* _Exercise brief_:
Pictures stay out of the output. Return exactly the lines below from the one with "Sexy abito da" down to the one with "Аккумуляторная ударная дрель-шуруповёрт", both included, and nothing more.
-=-=-=-=-
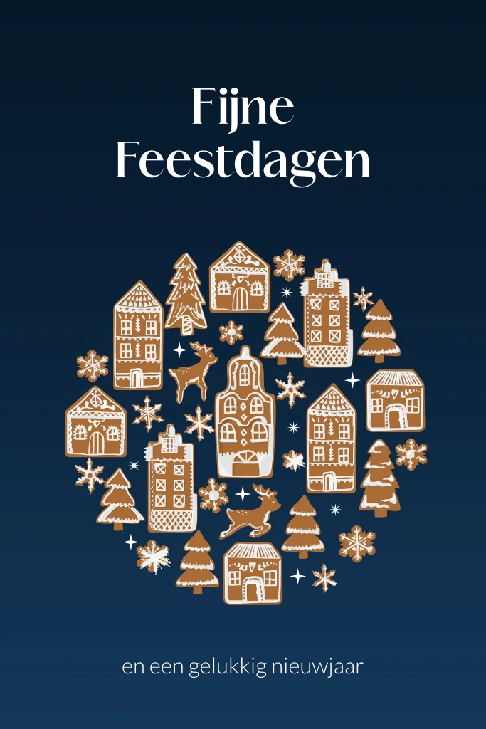 Een prachtige oerhollandse kerstkaart met illustraties van grachtenpandjes in peperkoek stijl. Op deze kaart zie je daarnaast allerlei, bomen, ijskristallen en hertjes vormgegeven als koekjes. Deze kerstkaart bevat goudfolie en dit zorgt voor een extra luxe uitstraling. De ronde hoeken geven een speels effect aan deze kaart. Pas deze kerstkaart naar eigen smaak aan in onze online editor en tover een lach op het gezicht van de ontvangers.
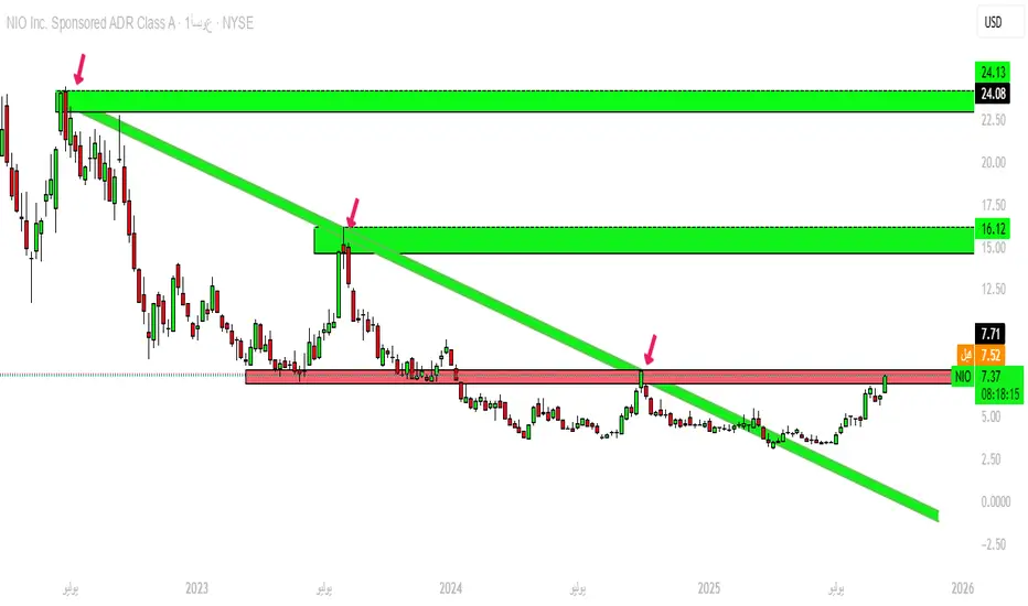 سهم NIO يعكس بداية انتعاش بعد فترة هبوط طويلة، والارتفاع الأخير يظهر اهتمام المستثمرين المتزايد بالقطاع. متابعة مستوى 7.71 دولار والمستويات التالية ستحدد مسار الانفراج السعري القادم، ما يجعل السهم فرصة جدية للمتابعة والمراقبة في ظل نمو قطاع السيارات الكهربائية المستقبلي.
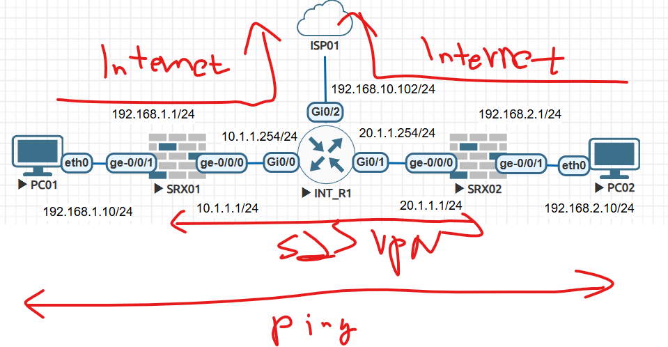vSRX는 보안 장비이기 때문에 기본적으로 icmp 패킷을 차단합니다.
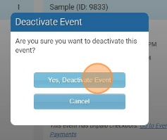 This action cannot be undone. Once deactivated, the event is no longer listed under active events.
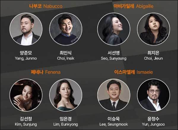 출연진에는 나부코 역에 양준모ㆍ최인식, 아비가일레 역에 서선영ㆍ최지은, 페네나 역에 김선정ㆍ임은경, 이스마엘레 역에 이승묵ㆍ윤정수, 자카리아 역에 전승현ㆍ임채준, 안나 역에 김동연ㆍ신혜리, 아브달로 역에 김성진ㆍ위정민, 바알 대제사장 역에 최공석ㆍ한혜열이 무대에 오른다.
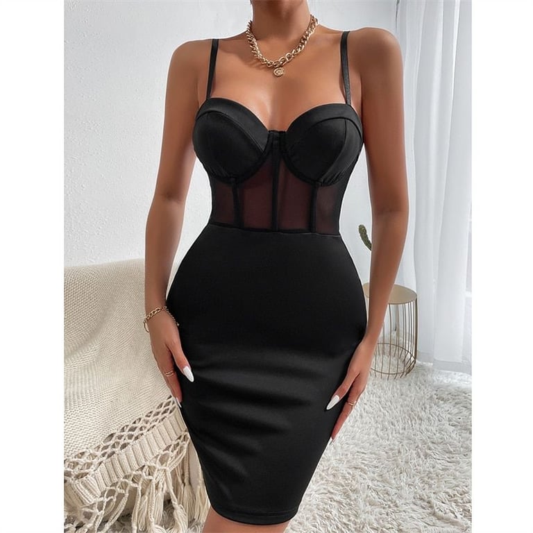 Sexy abito da sera nero con un corpetto dal design interessante.
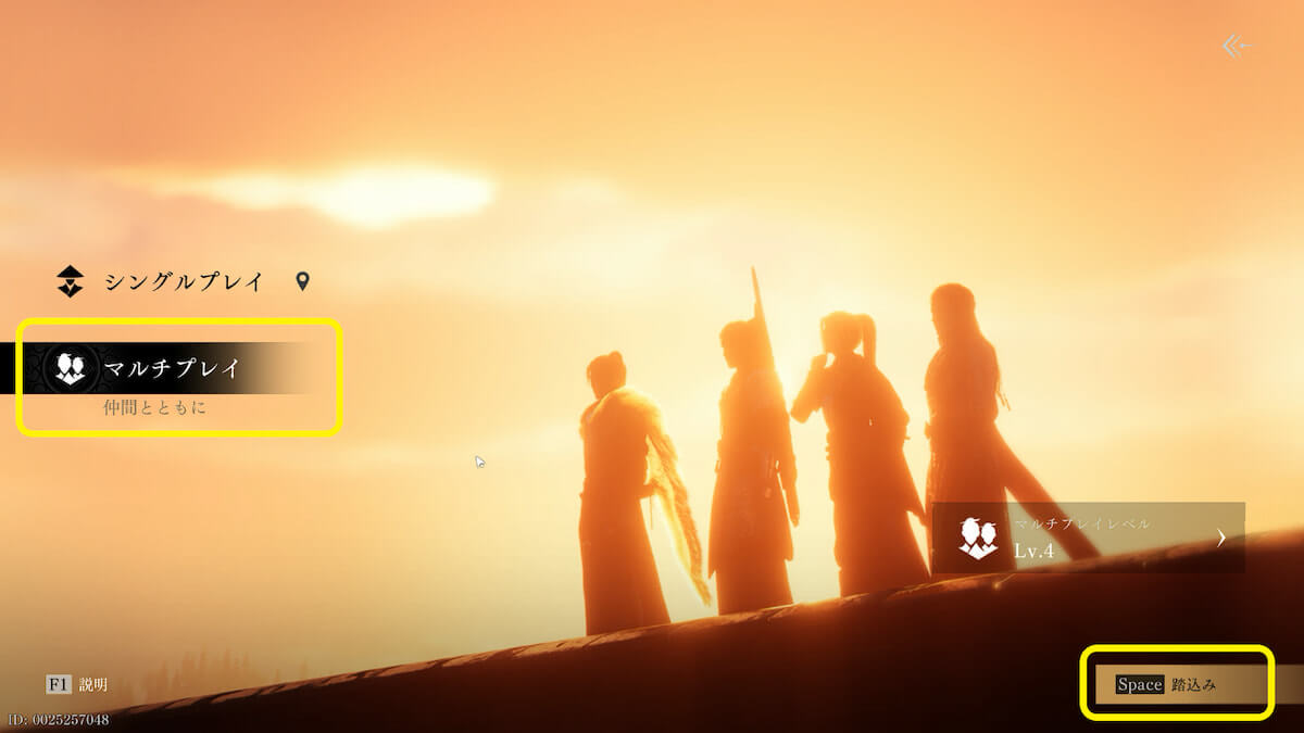 メニュー上部の「シングルプレイ」を押して「マルチプレイ」に切り替え、「踏込み」を選ぶとマルチプレイが開始されます。
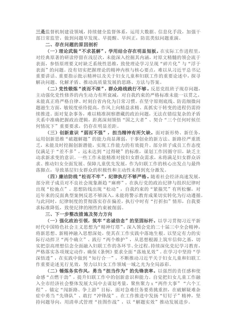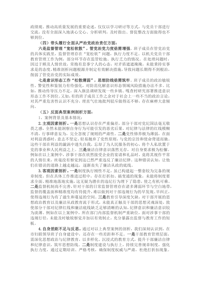 市妇联班子2024年度民主生活会对照检查材料(四个带头+反面案例剖析)此内容为付费资源,请付费后查看
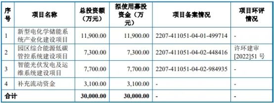 許昌智能成立于2009年,脫胎與許繼集團,目前主營業(yè)務為智能配用電產品、新能源產品和系統(tǒng)的研發(fā)、設計、組裝、銷售和服務,以及電力工程總承包業(yè)務。 根據許昌智能2024年1月15日披露的招股書顯示,公司擬募集資金30,000.00萬元,計劃用于新型電化學儲能系統(tǒng)產業(yè)化建設項目、園區(qū)綜合能源低碳管控系統(tǒng)建設項目、智能光伏發(fā)電及運維系統(tǒng)建設項目、補充流動資金。
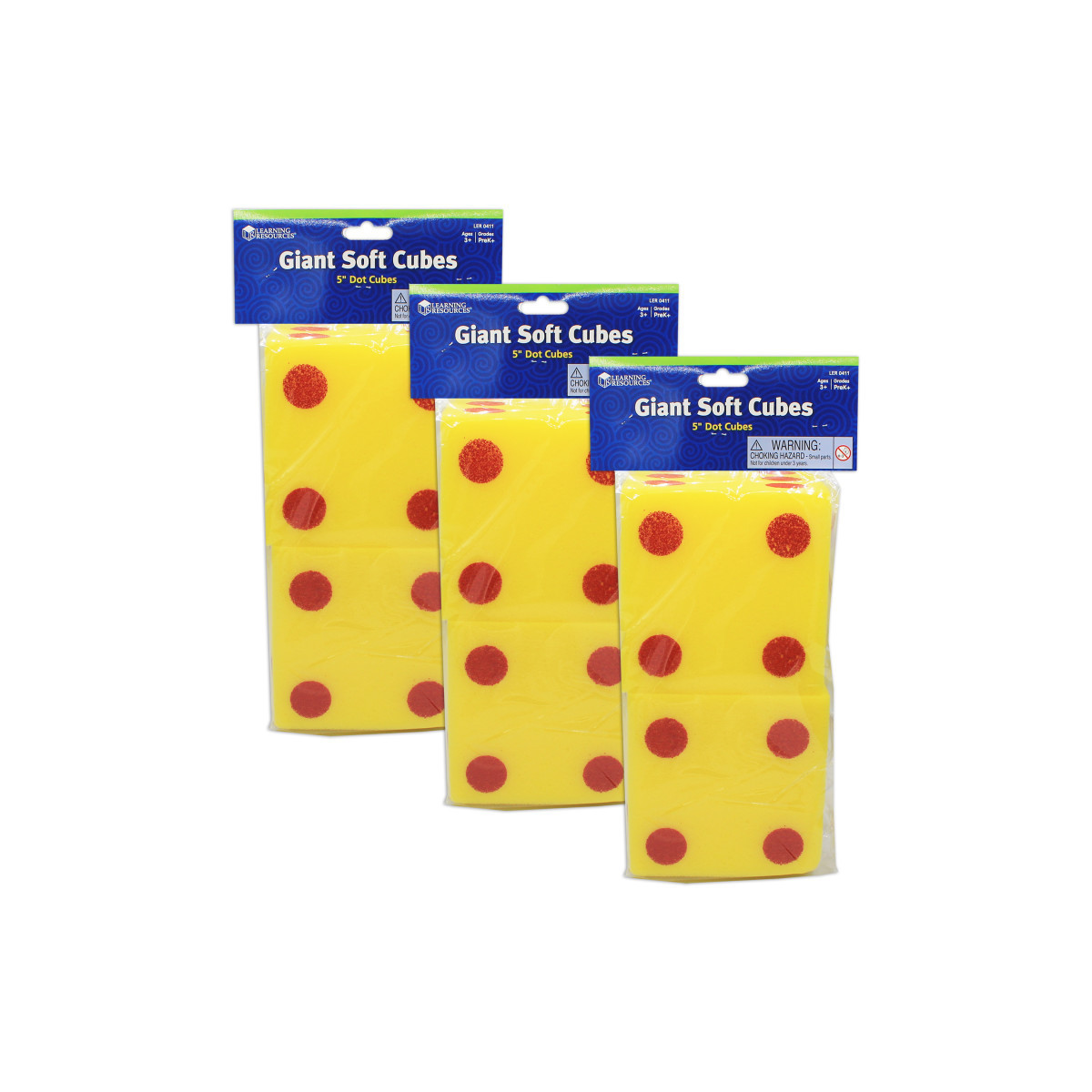 Giant sized way to roll some fun into math activities and games at home. Set includes two soft foam dot cubes. Each cube measures 5" square. Each pack contains 2 dice. Sold as 3 packs for a total of 6 dice.
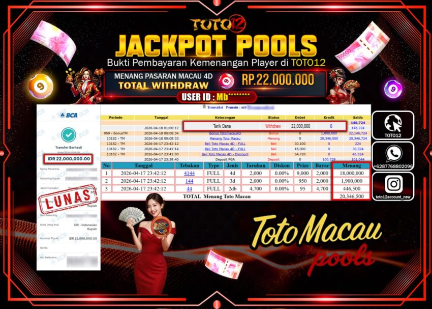 HANYA DI TOTO12 JP PASTI DI BAYAR LUNAS DAN CEPAT!!!!!! JACKPOT POOLS PASARAN (MACAU4D) Rp.22.000.000!!!!
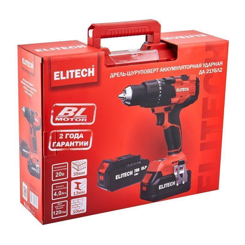 Аккумуляторная ударная дрель-шуруповёрт Elitech ДА 21УБЛ2 (E2201.048.02)
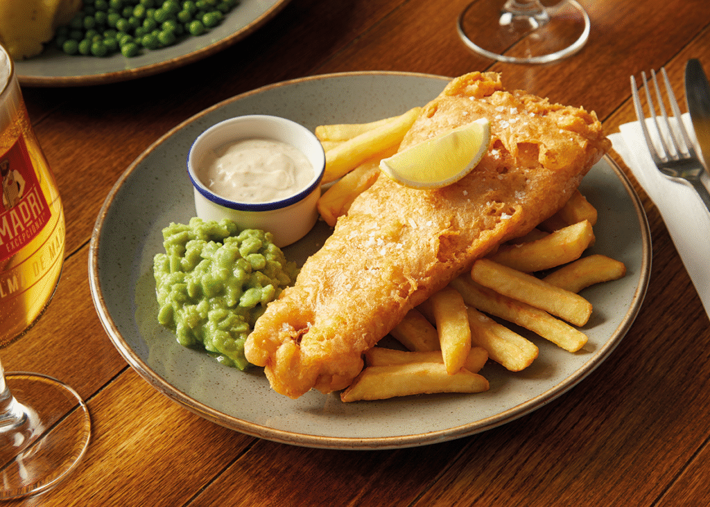 Hand-battered fish & chips, hand-battered fish fingers, served with chips and peas (†) | 4.29 712 kcals
-=-=-=-=-
* _Solution_:
 Sexy abito da sera nero con un corpetto dal design interessante.
 メニュー上部の「シングルプレイ」を押して「マルチプレイ」に切り替え、「踏込み」を選ぶとマルチプレイが開始されます。
 市妇联班子2024年度民主生活会对照检查材料(四个带头+反面案例剖析)此内容为付费资源,请付费后查看
 許昌智能成立于2009年,脫胎與許繼集團,目前主營業(yè)務為智能配用電產品、新能源產品和系統(tǒng)的研發(fā)、設計、組裝、銷售和服務,以及電力工程總承包業(yè)務。 根據許昌智能2024年1月15日披露的招股書顯示,公司擬募集資金30,000.00萬元,計劃用于新型電化學儲能系統(tǒng)產業(yè)化建設項目、園區(qū)綜合能源低碳管控系統(tǒng)建設項目、智能光伏發(fā)電及運維系統(tǒng)建設項目、補充流動資金。
 Giant sized way to roll some fun into math activities and games at home. Set includes two soft foam dot cubes. Each cube measures 5" square. Each pack contains 2 dice. Sold as 3 packs for a total of 6 dice.
 HANYA DI TOTO12 JP PASTI DI BAYAR LUNAS DAN CEPAT!!!!!! JACKPOT POOLS PASARAN (MACAU4D) Rp.22.000.000!!!!
 Аккумуляторная ударная дрель-шуруповёрт Elitech ДА 21УБЛ2 (E2201.048.02)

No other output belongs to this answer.